Fianna Fáil leader Micheál Martin said the decision is completely incompatible with the overall strategy for the lower harbour.

However, Indaver Ireland’s managing director John Ahern welcomed the decision and said additional incineration capacity is required in Ireland if we are to break our reliance on exporting waste.

“Lack of incineration capacity in Ireland will see the State export an estimated 300,000 tonnes of municipal waste this year,” he said.

“This reliance on exporting our waste is not sustainable and exposes us to market shocks.”

John Ahern

He also quoted figures which show a 7% reduction in waste exports since the Poolbeg incinerator began operating last December.

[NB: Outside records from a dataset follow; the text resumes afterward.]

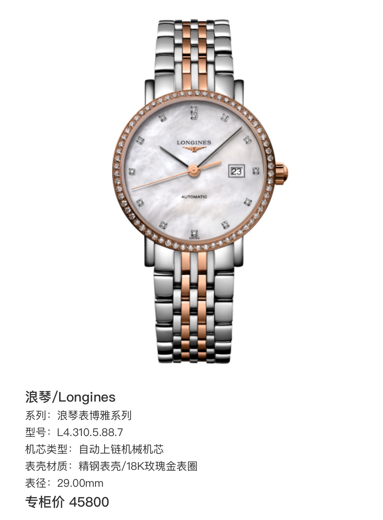 浪琴/Longines 浪琴表博雅系列 L4.310.5.88.7 自动上链机械机芯 精钢表壳/18K玫瑰金表圈 29.00mm 专柜价45800
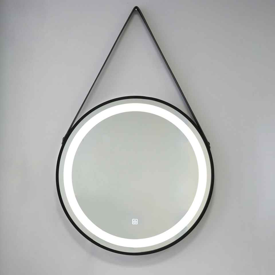 Specchio LED retroilluminato rotondo da 60 cm con cornice nera e cinghia
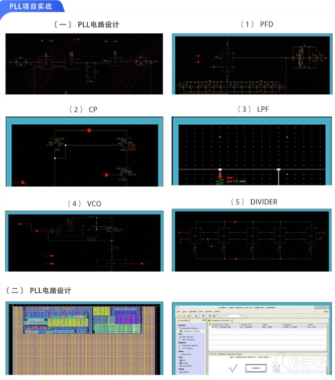 课程以市面主流工艺 180nm/130nm/40nm/28nm/22nm为教学对象,经过10多位 模拟资深工程师 ,反复与用人企业沟通实际需求,打造了包含:
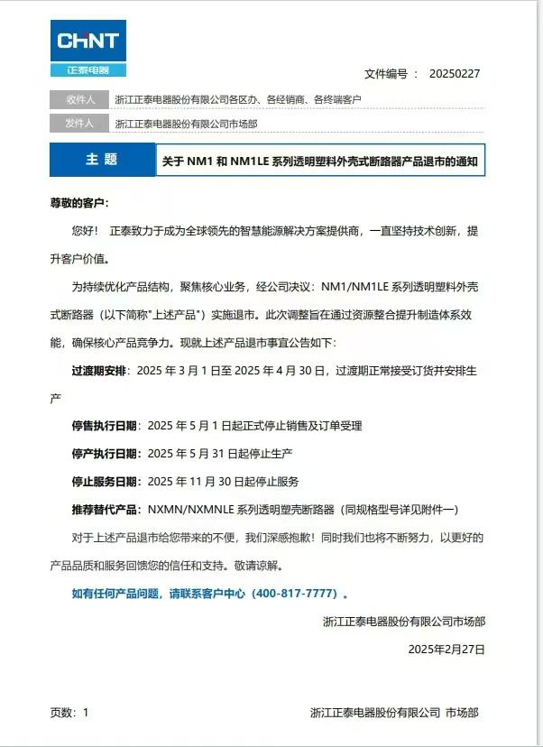 關(guān)于NM1和NM1LE系列透明塑料外殼式斷路器產(chǎn)品退市的通知
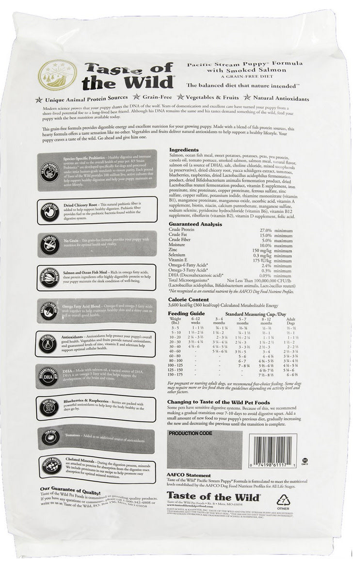 This egg-free recipe gets all its animal protein from fish, meaning that it’s rich in the omega fatty acids that help keep skin healthy and fur smooth and shiny. Unique flavors from smoked salmon, vegetables, legumes and fruits in a small kibble size make it easy for puppies to enjoy the nutrients they need for overall vitality. Because of the guaranteed levels of DHA and perfectly balanced nutrition, this formula is great for pregnant or nursing mothers and other adult dogs as well.

Business group Ibec also welcomed the decision, which it said will help the country to comply with its obligations under the EU’s Waste Framework Directive.

In its order, the board also directed that €15,000 be paid to Chase to cover costs linked to its participation in the oral hearing.

The board said it was granting the costs because the group identified deficiencies in Indaver’s documents which led to the board issuing a further information request.

“This technical input by Chase served to inform the board’s assessment of the case,” it said.

Ms O’Leary said money will only be paid if Chase does not lodge an appeal.

Indaver, which lodged its first planning application for an incinerator in Ringaskiddy in 2001, lodged this application under Bord Pleanála’s strategic infrastructure fast-track process in 2016.

The proposed facility will treat some 240,000 tonnes of household, commercial, industrial waste, non-hazardous and suitable hazardous waste, and generate around 18.5MW of electricity for export to the national grid.

The company said that it is too early to discuss when the facility may become operational.